思考のポイエーシス・日録篇2018/4/22

ノーアム・チョムスキー『言語と精神』の「自然言語の形式と意味」のつづき~終り。
《わたくしは言語研究の一つのアプローチ、この研究を理論的人間心理学の一分枝と見なすアプローチを論議してきた。その目標は、言語を習得し使用することを人間に可能ならしめる心的力量をあらわにし明らかにすることである。》(179ページ)

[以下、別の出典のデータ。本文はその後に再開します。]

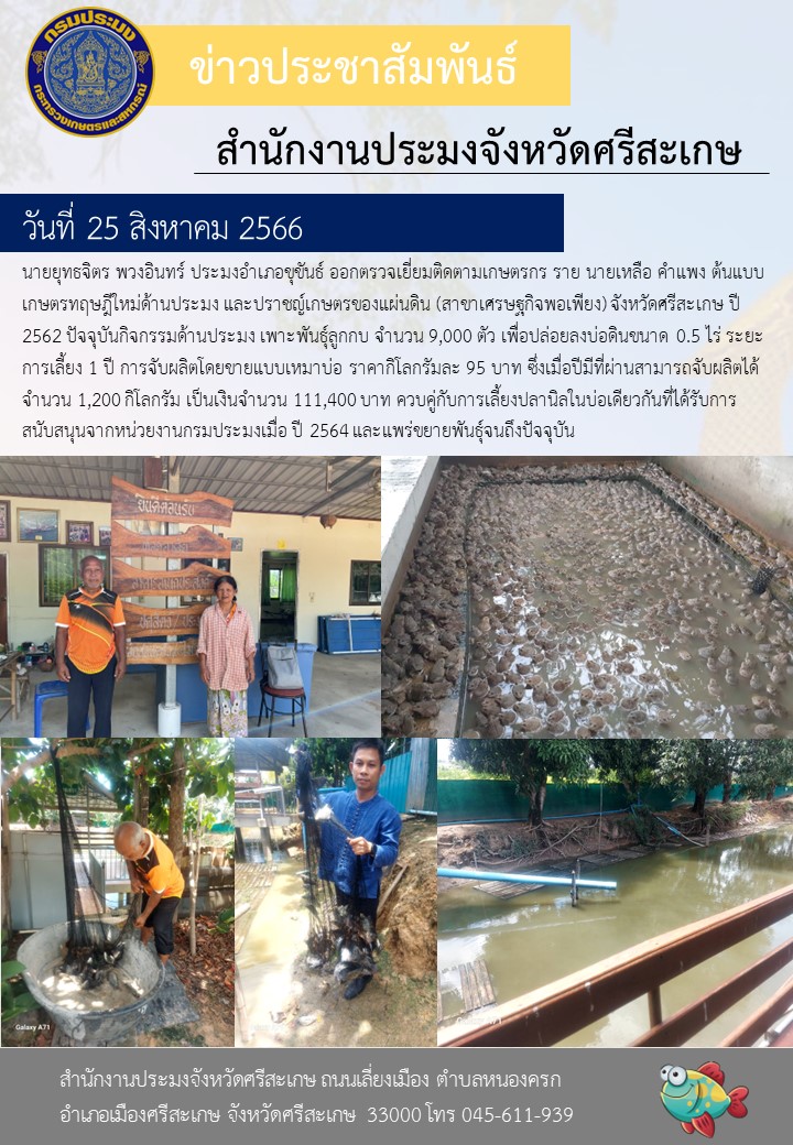 นายยุทธจิตร พวงอินทร์ ประมงอำเภอขุขันธ์ ออกตรวจเยี่ยมติดตามเกษตรกร ราย นายเหลือ คำแพง ต้นแบบเกษตรทฤษฎีใหม่ด้านประมง และปราชญ์เกษตรของแผ่นดิน (สาขาเศรษฐกิจพอเพียง) จังหวัดศรีสะเกษ ปี 2562 ปัจจุบันกิจกรรมด้านประมง เพาะพันธุ์ลูกกบ จำนวน 9,000 ตัว เพื่อปล่อยลงบ่อดินขนาด 0.5 ไร่ ระยะการเลี้ยง 1 ปี การจับผลิตโดยขายแบบเหมาบ่อ ราคากิโลกรัมละ 95 บาท ซึ่งเมื่อปีมีที่ผ่านสามารถจับผลิตได้ จำนวน 1,200 กิโลกรัม เป็นเงินจำนวน 111,400 บาท ควบคู่กับการเลี้ยงปลานิลในบ่อเดียวกันที่ได้รับการสนับสนุนจากหน่วยงานกรมประมงเมื่อ ปี 2564 และแพร่ขยายพันธุ์จนถึงปัจจุบัน

とチョムスキーはみずからの方法意識を述べているが、言語研究を心理学に結びつけようとするのはいかがなものか。
   *
Jacques Derrida: De la Grammatologieの第2部/chapitre 2/De l'aveuglement au supple+'ment(盲目から代補へ)読みつぐ。ルソーの『エミール』をめぐる子どもと母親、幼年時代、教育などの諸問題について。キーワードsupple+'ment(代補)はdeiffe+'rance(差延)の別名である、とデリダはさりげなく明かしている(p. 215)。
   *
トマス・ホッブズ『リヴァイアサン(三)』(岩波文庫)「第三部」の第四十二章「教会権力について」の途中~。
   *
劉霞詩集[劉燕子・田島安江訳・編]『毒薬』読了。ノーベル平和賞作家、劉暁波夫人にして同志的存在である劉霞の選詩集。訳者ふたりの熱い共感とともに詩の力を感じさせる。それにしても中国政府というのは反体制派にたいする悪質な封じ込めをしていることに怒りをもつ。
   *
加藤尚武著作集第7巻の単行本未収録論文「自然哲学の復権」の鈴木さん修正ズミの仮ゲラ通読+ファイル修正、20ページ。この論文もスミ。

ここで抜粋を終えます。